La Selección Mexicana venció 3-0 a República Checa, terminó líder del Grupo A con nueve puntos y logró una marca que nunca había conseguido en una Copa del Mundo. La fiesta se trasladó a las calles, aunque también dejó episodios de violencia.
Lo que parecía un sueño guajiro hace apenas unas semanas hoy tiene números, estadísticas y una imagen imposible de borrar: México terminó la fase de grupos de un Mundial con paso perfecto.
Tres partidos. Tres victorias. Nueve puntos de nueve posibles. Seis goles a favor y una portería que no recibió una sola anotación.

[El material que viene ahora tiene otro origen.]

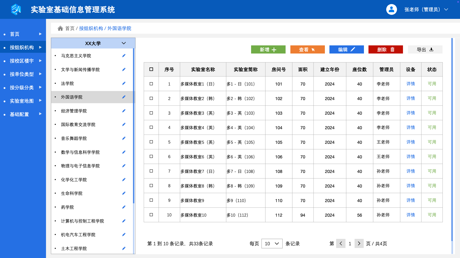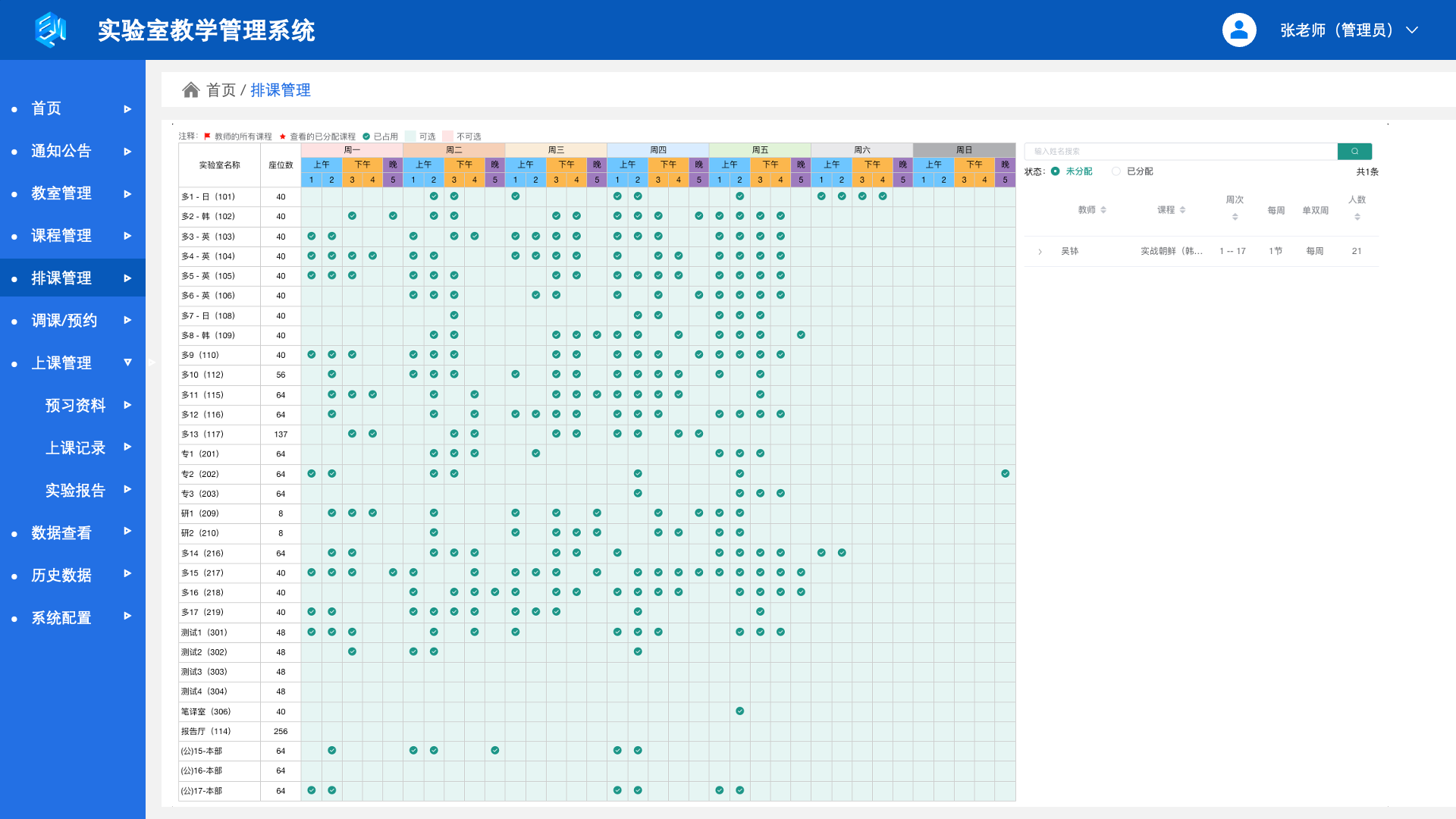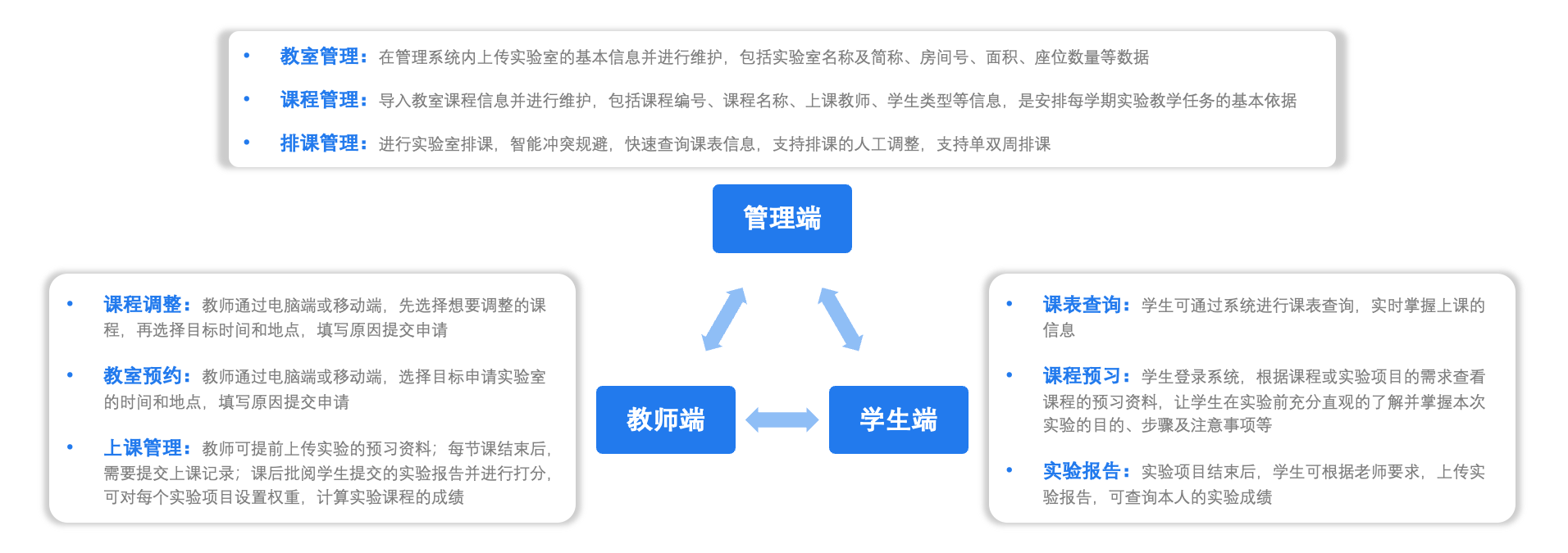 能够实现实验教室(以及其他如多媒体教室等公共空间)和实验教学的全过程管理,主要包括管理端的教室、课程、排课等管理,教室端的调课、预约、上课等使用,学生端的查询、预习、报告等内容,减轻实验人员等工作负担,实现实验教学管理的规范化和信息化,提高实验室管理及实验教学的质量。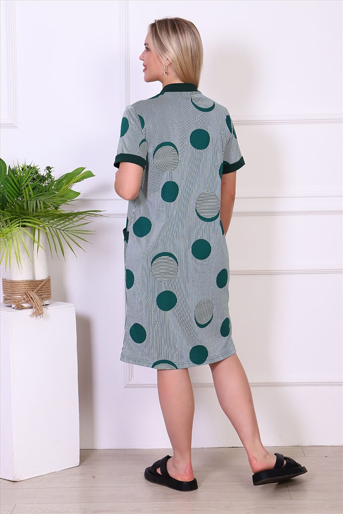 ID товара: 877442 Состав: 100% Хлопок Сезон: Демисезон Длина: прикрывает колено Фасон: Приталенный Рукав: Короткие Вид застежки: Молния Декоративные элементы: Карманы накладные Основная ткань: Хлопок | Кулирка Страна бренда: Россия Страна производства: Россия Халат женский приталенного силуэта, застежка - молния. Короткий рукав, карманы и горловина отделаны контрастным цветом. Комментарии к товару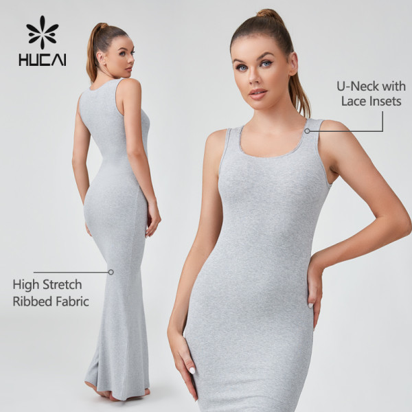 HUCAI OEM Splicing Lace Large U-shaped Neckline Knitted Vest Dress Sportswear Manufacturer

El equipo de Javier Aguirre quizá no enamora a todos con el espectáculo futbolístico, pero algo sí ha conseguido: ganar. Y en una Copa del Mundo, donde la historia se escribe con resultados, el Tricolor acaba de romper una barrera que nunca había alcanzado.
En la cancha del Estadio Ciudad de México, ante más de 80 mil aficionados vestidos de verde, blanco y rojo, México venció 3-0 a República Checa y aseguró por primera vez en su historia el liderato de un grupo mundialista con nueve unidades.
La noche comenzó con un joven que parecía tener muchos más Mundiales encima de los que realmente tiene.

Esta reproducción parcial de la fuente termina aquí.